Абстрактная живопись, разумеется, далеко не в полной мере тождественна собственно футуризму (выражающемуся в первую очередь в поэзии и поведении), однако, ввиду обозначившихся на пути продвижения нового искусства общих проблем и трудностей, в преодолении которых сближались разнородные, даже враждебные друг другу течения, привлечение определенных аналогий вполне уместно. Так, В. Кандинский с сожалением констатировал: «предупреждая все критические суждения оно <т.е. произведение авангардного искусства — Ю.С.> с горечью заявляет о том, что средства его всегда ограничены, и оно неизбежно меньше того. что хочет сказать.»[19] Иными словами, в своем стремлении соответствовать «идеям» язык авангардного искусства обнаруживает собственную недостаточность; в этом смысле оно демонстрирует свою «отложенность», это искусство «отложенного созидания». Исходя из сказанного, можно вывести заключение о близости сущности футуризма (во всяком случае его первого этапа) нигилизму, для которого ломка сложившихся норм и традиций — важнейшая задача. К. Малевич вспоминал:

«Громили все и живописцы и поэты <…>. Маяковский больше всех подходил. Он грохотал, ломал, надламывал. Мотор, железо, сталь, чугун врывались в его футуристическую поэзию…» [20] Образы техники, металла в данной цитате — не просто элементы принадлежности городской цивилизации, но символы машинизированной разрушительной силы, перемалывающей и уничтожающей органику природной «естественной» культуры.

В ходе решения проблемы овладения хаосом в футуризме, как и авангарде в целом, наметились два ключевых направления.

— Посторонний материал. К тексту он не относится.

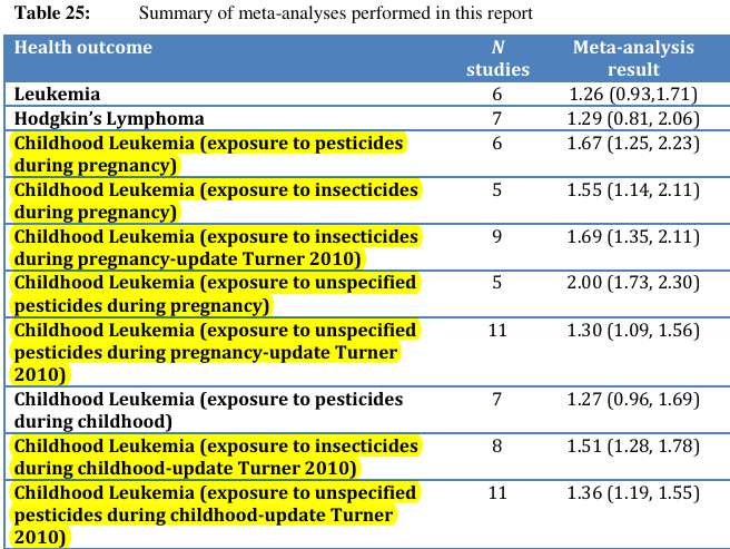 Pour les personnes qui veulent prolonger un peu. On trouve déjà des résultats nets sur l'effets des pesticides sur les leucémies de l'enfant dans cette méta-analyse qui a près de 10 ans (2013).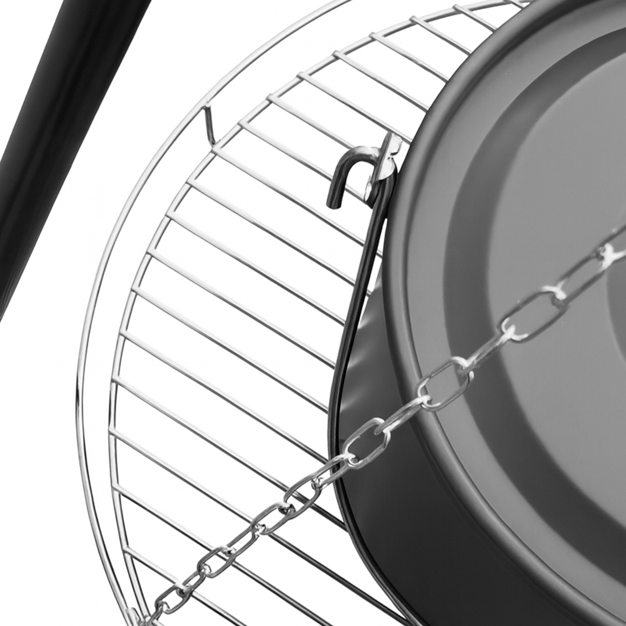 Der Grill ist aus hochwertigem Stahl mit Oberflächenbehandlungen gegen Korrosion gefertigt. Das stabile Dreibein gewährleistet eine sichere Nutzung, während der ausreichend große Rost von 48 cm und die Feuerstelle von 51 cm Platz für ein komfortables Grillen mit Familie und Freunden bieten.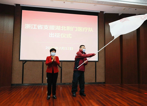 陈奕君副省长将“浙江省支援湖北荆门医疗队”队旗交给医疗队队长刘利民书记。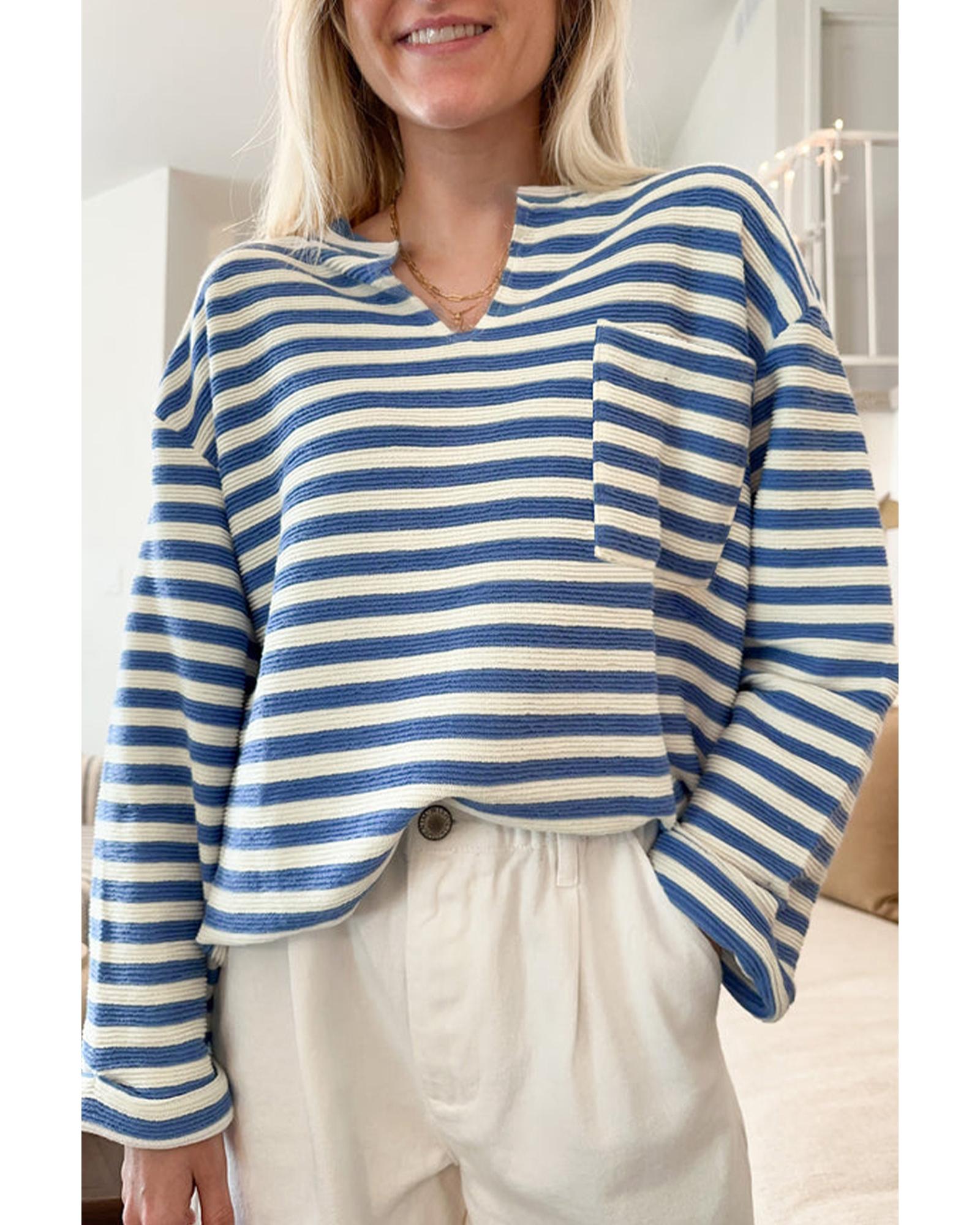 Sky Blue Stripe Chest Pocket Buttoned Back Notched V Neck Top – XL

Первое — «объективизация», поиск управляющих художественной мыслью объективных законов, по типу тех, что действуют в физическом мире, замена художественной интуиции логическими построениями. Второе — «субъективизация». замена логики рационального знания логикой искусства, попытка «субъективизировать» хаос за счет отношения к миру как живописному произведению. Футуризм, по причине разнородности составляющих его течений, оказались присущи оба из указанных направлений, но последнее — преимущественно. В принципе оно представляло собой процесс взаимоналожения двух реальностей — художественной и внехудожественной. т.е. феноменально данной действительности, с целью ликвидации границ между физическим и чувственным, искусством и жизнью, снять условности в изображении субъекта и объекта, человека и предмета. В реальной жизни подобный процесс неизбежно подвигал к продуцированию фактов антиповедения, выражающихся через театрализацию и гротескность. В значительной степени благодаря футуризму гротескная образность усваивается сферой профессионального искусства, особенно новым театром (в 1913 г. «будетляне» вынашивали планы создания театра «Футу», где предполагалось, что актеры будут исполнять роли и людей, и бутафории. и костюмов, и прочего реквизита: актер — шляпа, актер — ботинки; на лицах должно изображаться по 3-4 носа, 2-3 пары глаз и ушей, на голове укладывалось сразу несколько париков [21]).      В рассматриваемый период активное обращение к гротескным формам оказалось свойственно не только театрализованному поведению футуристов (антиповедению), но собственно и самому театру, и театральной среде профессионалов и любителей, программам и импровизациям различных театров миниатюр и кабаре, актерских «капустников». Театрализация поведения, как отмечалось ранее, неизбежно влекла за собой позицию «выделенности» из прочей массы общества, маркированность «особостью». что связано с ситуацией достаточно зрелого индивидуализма. Поскольку процесс индивидуализации в предреволюционные годы XX в. коснулся лишь в основном слоев культурной интеллигенции, в то время как подавляющая часть народного населения продолжала руководствоваться идеей соборности, приоритета коллектива,[22] в данном случае всякая театрализация поведения вольно или невольно несла в себе элемент общественного вызова и эпатажа.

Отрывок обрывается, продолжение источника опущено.